▸ **Your goal**
Please give the whole listing again exactly, without any of its pictures.

▸ **Provided data**
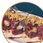
14.00€ 7.00€ 110. EBITEN NERA Gamberi* fritti, granelle patate,teriyaki
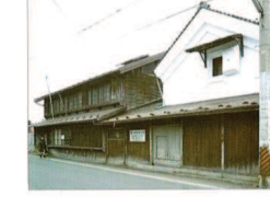
⑰ もりおか町家物語館

明治 20 年に築川村から転居するためにこの地区の諸土屋敷に準じて建築された。中央玄関から右側に客座敷、左側に家内用座敷、台所等をもつ、唯一の武家の遺構です。 ■イベント参加時以外は非公開
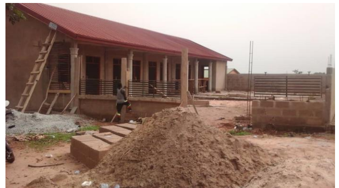
Het nieuwe daycare gebouw in Nkoranza

Voor het jaar 2020 plannen wij een paar belangrijke ontwikkelingen, sommige daarvan zijn zelfs al volop in uitvoering. Wellicht de belangrijkste is de realisatie van een prachtig gebouw voor Daycare in het centrum van Nkoranza, waar ouders van een kind met een beperking uit Nkoranza binnenkort elke werkdag hun kind naar toe kunnen brengen.
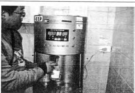
擺設位置:研究大樓四樓編號:49
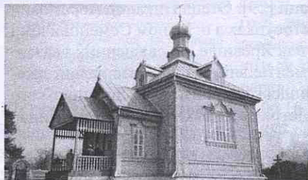
Храм Вознесіння Господнього, 1865 р. в с. Яревище.
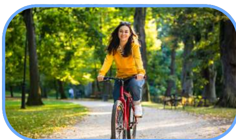
Semaine de la mobilité
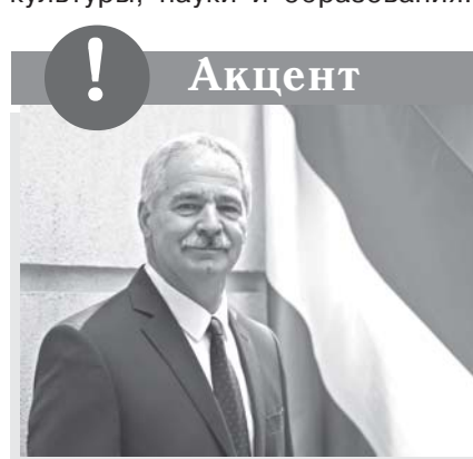
Дьюла Ковач, посол Венгрии в Узбекистане

Помимо наших хороших политических отношений и развития перспективного экономического сотрудничества, мы также заинтересованы в укреплении уз, связывающих наши народы и в области культуры, науки и образования.
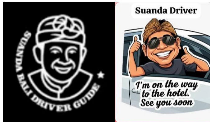
Gambar 4. Logo dan Stiker Messenger Suanda Bali Driver Guide

Berdasarkan permasalahan yang dihadapi mitra, tim pengabdian memberikan solusi berupa perancangan identitas visual dan media komunikasi digital. Target luaran utama dari kegiatan ini meliputi pembuatan logo dan identitas visual, serta video profil promosi berdurasi 2-3 menit. Perancangan logo dan elemen identitas visual didasarkan pada analisis potensi Suanda Bali Driver Guide yang mengedepankan keramahan dan pelayanan profesional. Identitas ini kemudian diaplikasikan ke dalam strategi pemasaran digital ( Digital Marketing ) untuk membangun citra yang lebih profesional dan terpercaya. Selanjutnya, produksi video promosi dikembangkan menggunakan teknologi multimedia berbasis sinematografi digital. Video ini dirancang untuk merepresentasikan nilai pelayanan serta keunggulan kompetitif mitra secara informatif. Setelah melalui proses pengeditan akhir menggunakan Adobe Premiere CC dan dirender ke dalam format .mp4, media promosi tersebut disiapkan untuk dipublikasikan secara luas. Publikasi dilakukan melalui berbagai platform media sosial seperti Instagram, TikTok, dan YouTube, sehingga calon wisatawan lokal maupun mancanegara dapat mengakses informasi layanan tanpa dibatasi oleh jarak dan waktu. Pendekatan pemasaran digital ini secara efektif menjawab kendala mitra yang sebelumnya belum memiliki media promosi digital yang optimal.
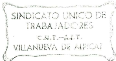
Segell de la CNT
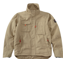
■ 1470 SAND
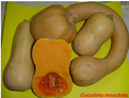
Cucurbita moschata (Anco)

Zapallito redondo de tronco ( Cucurbita maxima var zapallito ): Es una planta de porte arbustivo, de mata compacta desprovista de guías, con los frutos verdes, pequeños, deprimidos, que se consumen al estado tierno, inmaduro. Existen variedades de polinización abierta e híbridos.

▸ **Response to this task**
14.00€ 7.00€ 110. EBITEN NERA Gamberi* fritti, granelle patate,teriyaki
⑰ もりおか町家物語館

明治 20 年に築川村から転居するためにこの地区の諸土屋敷に準じて建築された。中央玄関から右側に客座敷、左側に家内用座敷、台所等をもつ、唯一の武家の遺構です。 ■イベント参加時以外は非公開
Het nieuwe daycare gebouw in Nkoranza

Voor het jaar 2020 plannen wij een paar belangrijke ontwikkelingen, sommige daarvan zijn zelfs al volop in uitvoering. Wellicht de belangrijkste is de realisatie van een prachtig gebouw voor Daycare in het centrum van Nkoranza, waar ouders van een kind met een beperking uit Nkoranza binnenkort elke werkdag hun kind naar toe kunnen brengen.
擺設位置:研究大樓四樓編號:49
Храм Вознесіння Господнього, 1865 р. в с. Яревище.
Semaine de la mobilité
Дьюла Ковач, посол Венгрии в Узбекистане

Помимо наших хороших политических отношений и развития перспективного экономического сотрудничества, мы также заинтересованы в укреплении уз, связывающих наши народы и в области культуры, науки и образования.
Gambar 4. Logo dan Stiker Messenger Suanda Bali Driver Guide

Berdasarkan permasalahan yang dihadapi mitra, tim pengabdian memberikan solusi berupa perancangan identitas visual dan media komunikasi digital. Target luaran utama dari kegiatan ini meliputi pembuatan logo dan identitas visual, serta video profil promosi berdurasi 2-3 menit. Perancangan logo dan elemen identitas visual didasarkan pada analisis potensi Suanda Bali Driver Guide yang mengedepankan keramahan dan pelayanan profesional. Identitas ini kemudian diaplikasikan ke dalam strategi pemasaran digital ( Digital Marketing ) untuk membangun citra yang lebih profesional dan terpercaya. Selanjutnya, produksi video promosi dikembangkan menggunakan teknologi multimedia berbasis sinematografi digital. Video ini dirancang untuk merepresentasikan nilai pelayanan serta keunggulan kompetitif mitra secara informatif. Setelah melalui proses pengeditan akhir menggunakan Adobe Premiere CC dan dirender ke dalam format .mp4, media promosi tersebut disiapkan untuk dipublikasikan secara luas. Publikasi dilakukan melalui berbagai platform media sosial seperti Instagram, TikTok, dan YouTube, sehingga calon wisatawan lokal maupun mancanegara dapat mengakses informasi layanan tanpa dibatasi oleh jarak dan waktu. Pendekatan pemasaran digital ini secara efektif menjawab kendala mitra yang sebelumnya belum memiliki media promosi digital yang optimal.
Segell de la CNT
■ 1470 SAND
Cucurbita moschata (Anco)

Zapallito redondo de tronco ( Cucurbita maxima var zapallito ): Es una planta de porte arbustivo, de mata compacta desprovista de guías, con los frutos verdes, pequeños, deprimidos, que se consumen al estado tierno, inmaduro. Existen variedades de polinización abierta e híbridos.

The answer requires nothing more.